A neutron with an energy of `4.6 MeV` collides elastically with proton and is retarded. Assuming that upon each collision the neutron is deflected by `45^(@)`, find the number of collisions which will reduce its energy to `0.23 eV`.

Mass of neutron`~~` mass of proton `=m`

From conservation of momentum in y-direction
`sqrt(2mK_(1)) sin 45^(@)=sqrt(2mK_(2)) sin theta`.....(i)
In x-direction `sqrt(2mK_(0))-sqrt(2mK_(1))cos 45^(@)=sqrt(2mK_(2))cos theta`.....(ii)
Squaring and adding equation (i) and (ii), we have
`K_(2)=K_(1)+K_(0)-sqrt(2K_(0)K_(1))`......(iii)

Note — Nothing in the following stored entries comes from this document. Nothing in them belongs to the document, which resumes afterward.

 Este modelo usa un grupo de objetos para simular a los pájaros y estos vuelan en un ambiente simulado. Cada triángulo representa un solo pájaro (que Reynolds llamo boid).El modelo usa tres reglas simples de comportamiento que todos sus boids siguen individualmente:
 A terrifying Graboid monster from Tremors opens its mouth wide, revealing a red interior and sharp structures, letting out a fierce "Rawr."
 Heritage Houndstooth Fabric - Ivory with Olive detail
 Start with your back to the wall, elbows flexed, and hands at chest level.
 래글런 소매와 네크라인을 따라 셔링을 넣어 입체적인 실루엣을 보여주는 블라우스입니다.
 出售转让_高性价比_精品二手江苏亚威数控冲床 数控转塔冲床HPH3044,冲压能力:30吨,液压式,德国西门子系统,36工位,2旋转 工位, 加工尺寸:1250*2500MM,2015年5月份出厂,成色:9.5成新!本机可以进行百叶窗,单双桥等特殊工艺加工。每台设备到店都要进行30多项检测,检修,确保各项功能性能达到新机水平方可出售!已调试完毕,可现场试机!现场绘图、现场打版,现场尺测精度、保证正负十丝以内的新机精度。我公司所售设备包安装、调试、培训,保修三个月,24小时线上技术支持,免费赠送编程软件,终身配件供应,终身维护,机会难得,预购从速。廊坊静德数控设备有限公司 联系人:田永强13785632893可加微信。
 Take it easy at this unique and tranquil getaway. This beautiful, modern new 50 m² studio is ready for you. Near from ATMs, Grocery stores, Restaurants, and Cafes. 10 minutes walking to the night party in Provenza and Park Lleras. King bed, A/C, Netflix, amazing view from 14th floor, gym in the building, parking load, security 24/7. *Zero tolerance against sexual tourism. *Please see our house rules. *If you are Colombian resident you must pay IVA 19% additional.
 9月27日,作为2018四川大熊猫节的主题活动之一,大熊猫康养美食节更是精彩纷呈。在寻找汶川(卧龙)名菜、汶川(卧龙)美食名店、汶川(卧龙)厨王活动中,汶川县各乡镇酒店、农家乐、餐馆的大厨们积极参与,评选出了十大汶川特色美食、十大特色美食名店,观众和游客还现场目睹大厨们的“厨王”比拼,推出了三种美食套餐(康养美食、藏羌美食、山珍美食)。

From conservation of energy
`K_(2)=K_(0)-K_(1)`.......(iv)
Solving equations (iii) and (iv), we get
`K_(1)=(K_(0))/(2)`
i.e., after each collision energy remains half. Therefore, after `n` collisions,
`K_(n)=K_(0)((1)/(2))^(n)`
`:. 0.23-(4.6xx10^(6))((1)/(2))^(n) 2^(n)=(4.6xx10^(6))/(0.23)`
Taking log and solving, we get
`n ~~ 24`